*RECORD EXTRACTS*:
******************************

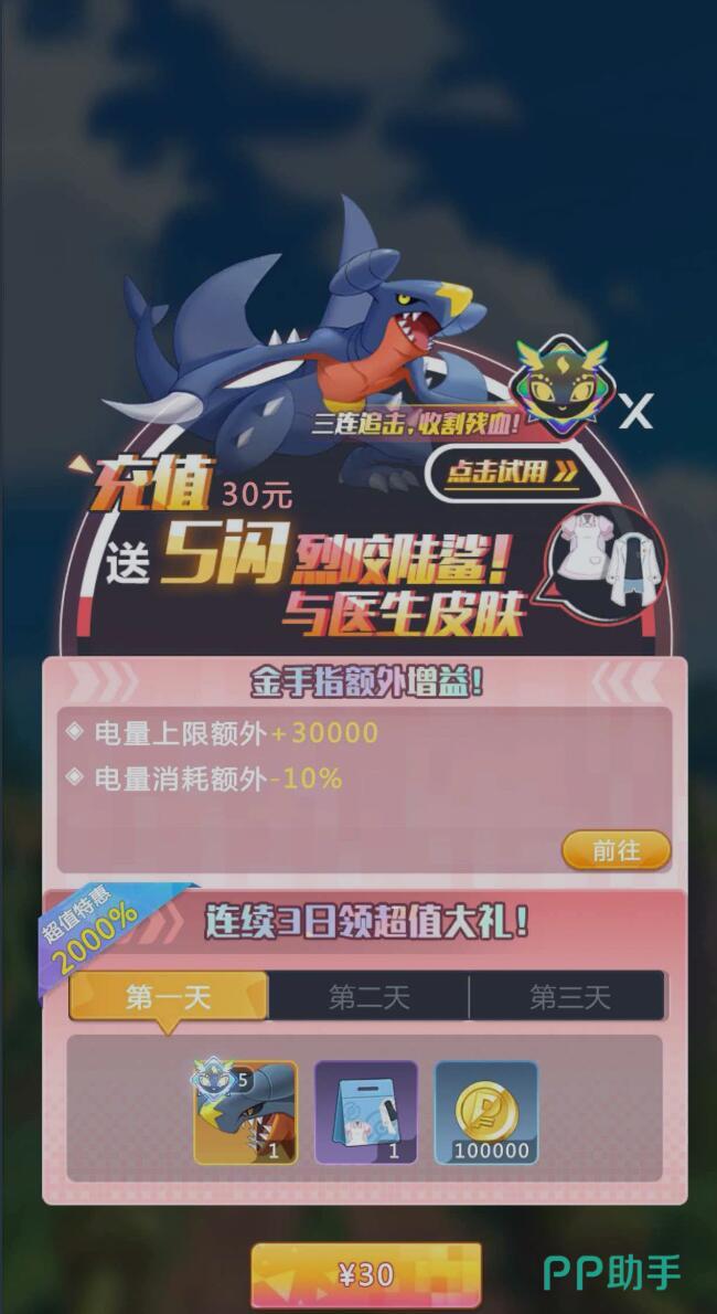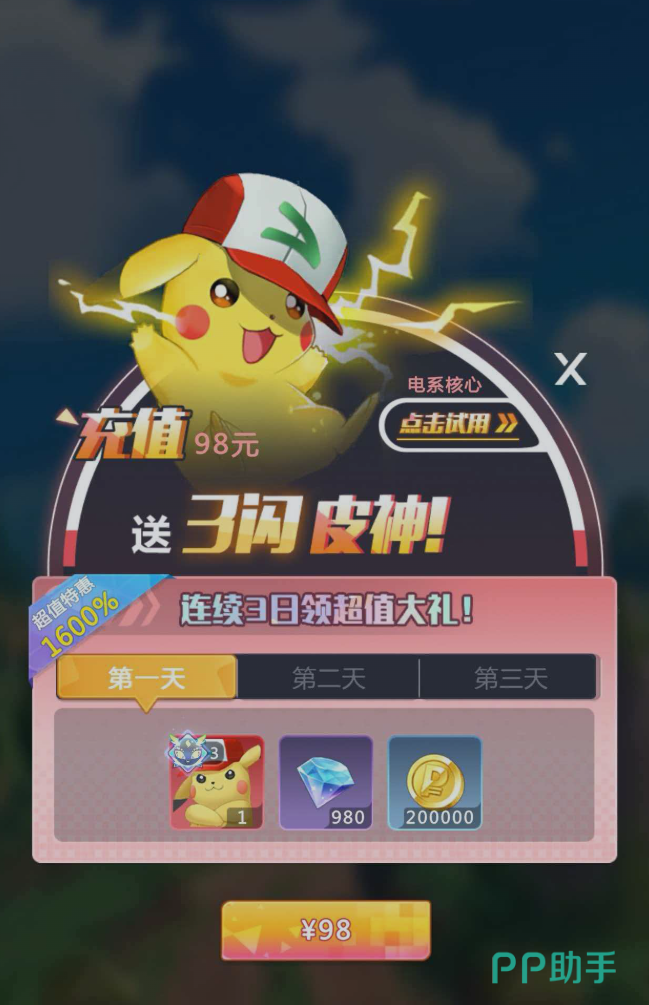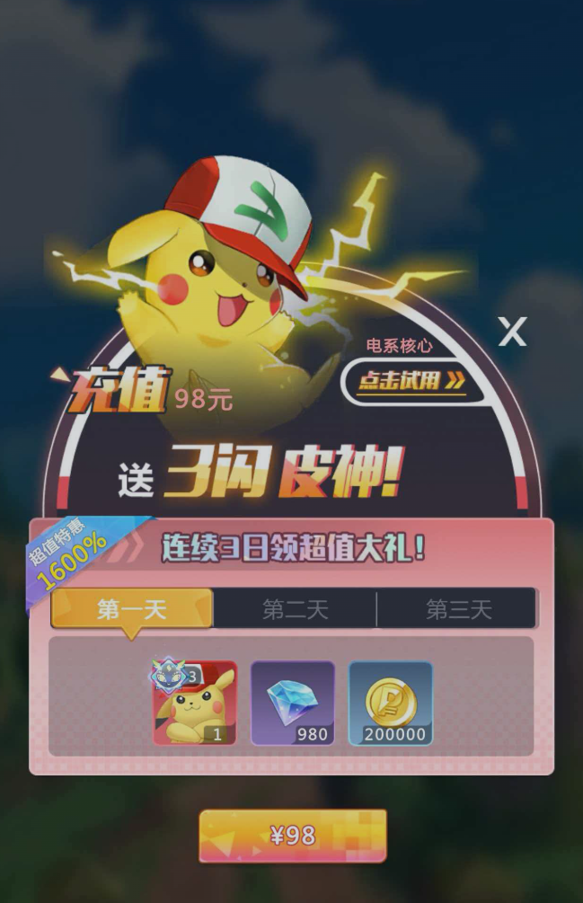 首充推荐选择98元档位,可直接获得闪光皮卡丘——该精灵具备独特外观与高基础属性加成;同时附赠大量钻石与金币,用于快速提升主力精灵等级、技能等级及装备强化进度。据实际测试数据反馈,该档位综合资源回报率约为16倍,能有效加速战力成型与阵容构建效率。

******************************

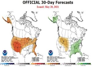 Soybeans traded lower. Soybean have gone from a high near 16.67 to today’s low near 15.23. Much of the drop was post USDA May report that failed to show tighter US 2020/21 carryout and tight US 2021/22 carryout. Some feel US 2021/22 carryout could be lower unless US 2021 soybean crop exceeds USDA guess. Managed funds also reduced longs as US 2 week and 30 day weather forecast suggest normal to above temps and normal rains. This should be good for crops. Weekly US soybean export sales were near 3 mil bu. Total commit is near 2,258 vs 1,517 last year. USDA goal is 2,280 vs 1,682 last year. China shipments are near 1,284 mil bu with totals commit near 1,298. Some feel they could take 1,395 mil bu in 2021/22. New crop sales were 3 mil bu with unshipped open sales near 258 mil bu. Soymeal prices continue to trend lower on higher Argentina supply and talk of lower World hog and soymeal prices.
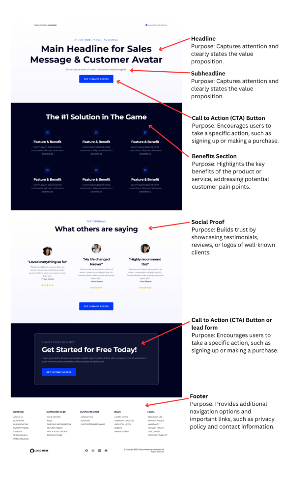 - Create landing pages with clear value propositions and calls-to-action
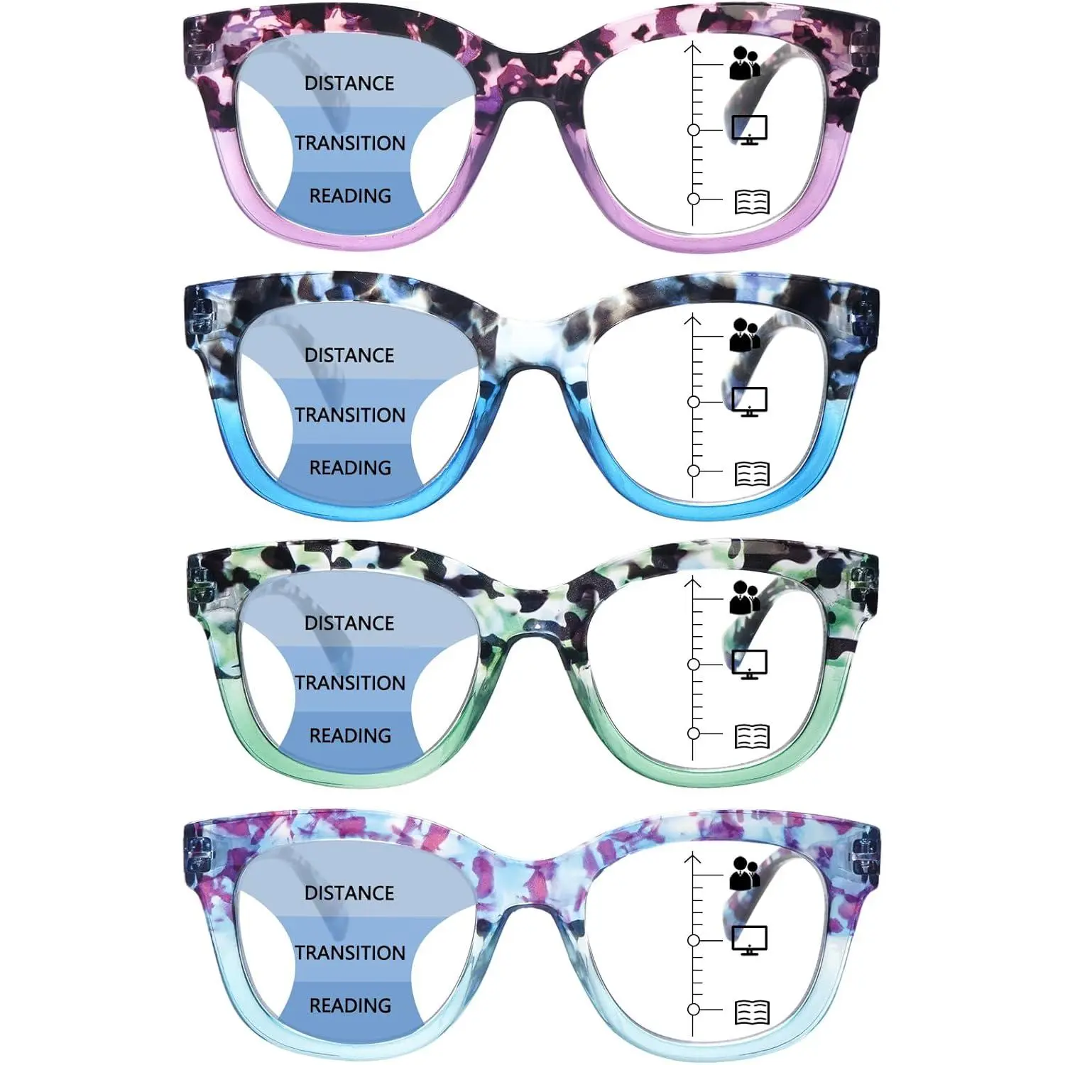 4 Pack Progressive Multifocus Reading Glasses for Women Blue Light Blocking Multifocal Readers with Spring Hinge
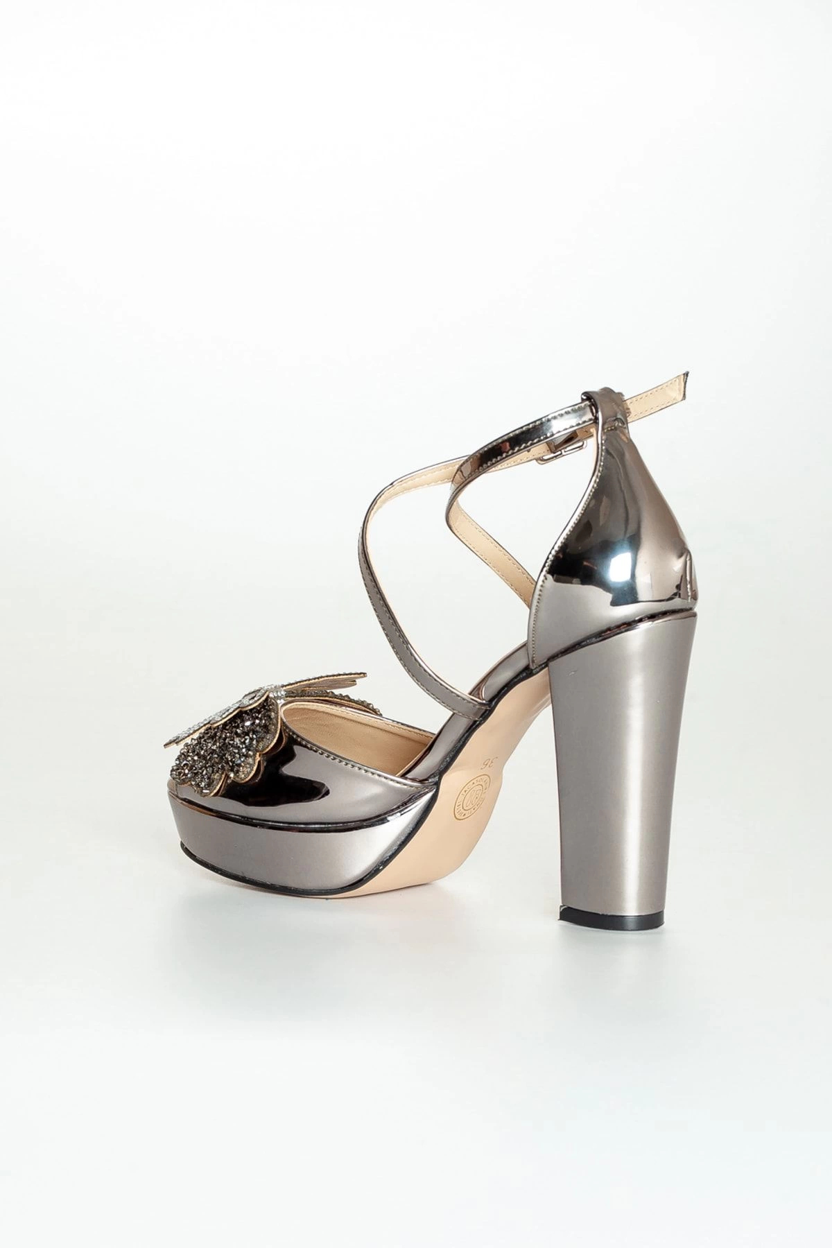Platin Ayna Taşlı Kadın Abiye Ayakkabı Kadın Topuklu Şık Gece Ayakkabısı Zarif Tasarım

******************************

Copy the lines above between the one holding "4 Pack Progressive" and the one holding "Platin Ayna Taşlı", inclusive. Drop the pictures.

*ANSWER SECTION*:
 4 Pack Progressive Multifocus Reading Glasses for Women Blue Light Blocking Multifocal Readers with Spring Hinge
Platin Ayna Taşlı Kadın Abiye Ayakkabı Kadın Topuklu Şık Gece Ayakkabısı Zarif Tasarım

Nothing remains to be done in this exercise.